**WHAT IS REQUIRED:** Set each entry down verbatim, omitting images.
——
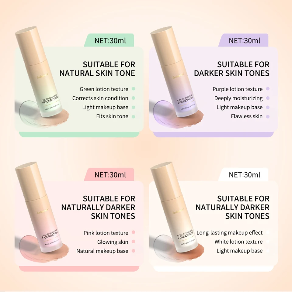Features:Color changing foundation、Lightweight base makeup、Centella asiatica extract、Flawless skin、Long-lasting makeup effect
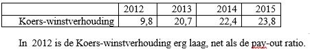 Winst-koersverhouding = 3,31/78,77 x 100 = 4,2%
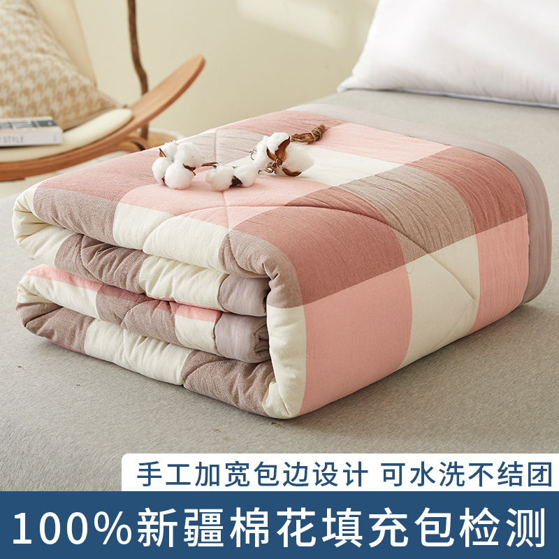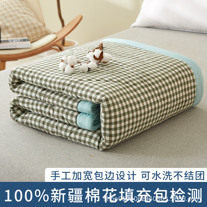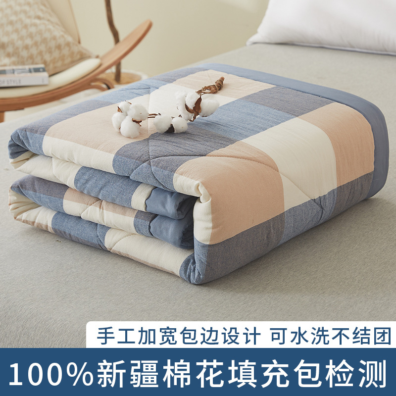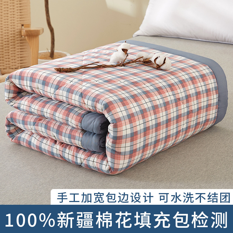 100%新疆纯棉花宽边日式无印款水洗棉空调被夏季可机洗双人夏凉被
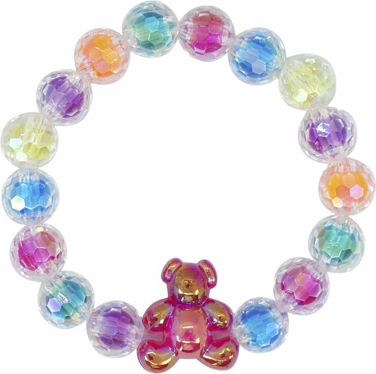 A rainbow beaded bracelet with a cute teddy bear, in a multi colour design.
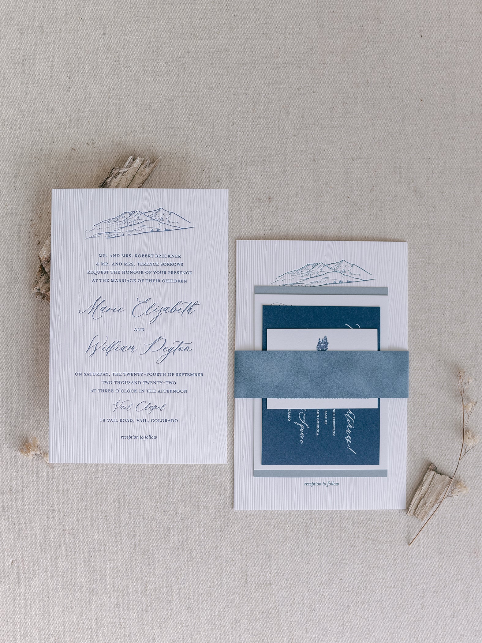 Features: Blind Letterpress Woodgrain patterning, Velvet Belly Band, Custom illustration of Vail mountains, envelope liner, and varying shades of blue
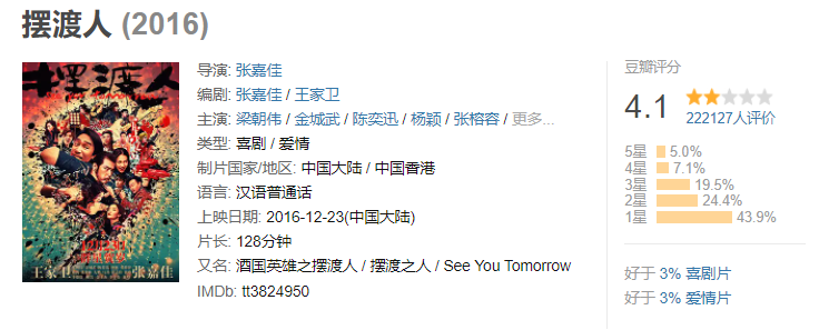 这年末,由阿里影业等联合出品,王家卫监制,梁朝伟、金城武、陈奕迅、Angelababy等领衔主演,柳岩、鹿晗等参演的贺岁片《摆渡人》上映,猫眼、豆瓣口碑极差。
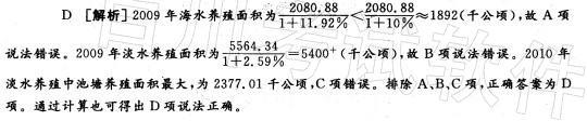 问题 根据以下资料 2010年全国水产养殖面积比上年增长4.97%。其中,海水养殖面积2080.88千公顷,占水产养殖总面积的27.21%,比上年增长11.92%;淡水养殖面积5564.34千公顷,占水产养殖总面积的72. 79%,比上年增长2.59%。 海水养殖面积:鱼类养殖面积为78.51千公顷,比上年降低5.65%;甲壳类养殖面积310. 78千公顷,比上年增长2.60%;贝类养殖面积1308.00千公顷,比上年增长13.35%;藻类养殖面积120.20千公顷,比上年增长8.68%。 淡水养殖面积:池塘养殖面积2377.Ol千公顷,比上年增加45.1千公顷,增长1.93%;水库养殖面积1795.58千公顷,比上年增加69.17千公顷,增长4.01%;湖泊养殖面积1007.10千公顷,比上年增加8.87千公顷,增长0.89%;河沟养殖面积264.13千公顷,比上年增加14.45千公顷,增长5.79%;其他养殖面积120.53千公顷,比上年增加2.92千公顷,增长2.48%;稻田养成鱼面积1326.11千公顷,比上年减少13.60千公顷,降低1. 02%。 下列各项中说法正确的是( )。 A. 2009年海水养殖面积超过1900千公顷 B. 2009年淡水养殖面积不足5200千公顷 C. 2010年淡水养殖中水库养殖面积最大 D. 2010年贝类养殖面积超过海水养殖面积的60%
——
**REPLY TO THE TASK:**
Features:Color changing foundation、Lightweight base makeup、Centella asiatica extract、Flawless skin、Long-lasting makeup effect
 Winst-koersverhouding = 3,31/78,77 x 100 = 4,2%
 100%新疆纯棉花宽边日式无印款水洗棉空调被夏季可机洗双人夏凉被
 A rainbow beaded bracelet with a cute teddy bear, in a multi colour design.
 Features: Blind Letterpress Woodgrain patterning, Velvet Belly Band, Custom illustration of Vail mountains, envelope liner, and varying shades of blue
 这年末,由阿里影业等联合出品,王家卫监制,梁朝伟、金城武、陈奕迅、Angelababy等领衔主演,柳岩、鹿晗等参演的贺岁片《摆渡人》上映,猫眼、豆瓣口碑极差。
 问题 根据以下资料 2010年全国水产养殖面积比上年增长4.97%。其中,海水养殖面积2080.88千公顷,占水产养殖总面积的27.21%,比上年增长11.92%;淡水养殖面积5564.34千公顷,占水产养殖总面积的72. 79%,比上年增长2.59%。 海水养殖面积:鱼类养殖面积为78.51千公顷,比上年降低5.65%;甲壳类养殖面积310. 78千公顷,比上年增长2.60%;贝类养殖面积1308.00千公顷,比上年增长13.35%;藻类养殖面积120.20千公顷,比上年增长8.68%。 淡水养殖面积:池塘养殖面积2377.Ol千公顷,比上年增加45.1千公顷,增长1.93%;水库养殖面积1795.58千公顷,比上年增加69.17千公顷,增长4.01%;湖泊养殖面积1007.10千公顷,比上年增加8.87千公顷,增长0.89%;河沟养殖面积264.13千公顷,比上年增加14.45千公顷,增长5.79%;其他养殖面积120.53千公顷,比上年增加2.92千公顷,增长2.48%;稻田养成鱼面积1326.11千公顷,比上年减少13.60千公顷,降低1. 02%。 下列各项中说法正确的是( )。 A. 2009年海水养殖面积超过1900千公顷 B. 2009年淡水养殖面积不足5200千公顷 C. 2010年淡水养殖中水库养殖面积最大 D. 2010年贝类养殖面积超过海水养殖面积的60%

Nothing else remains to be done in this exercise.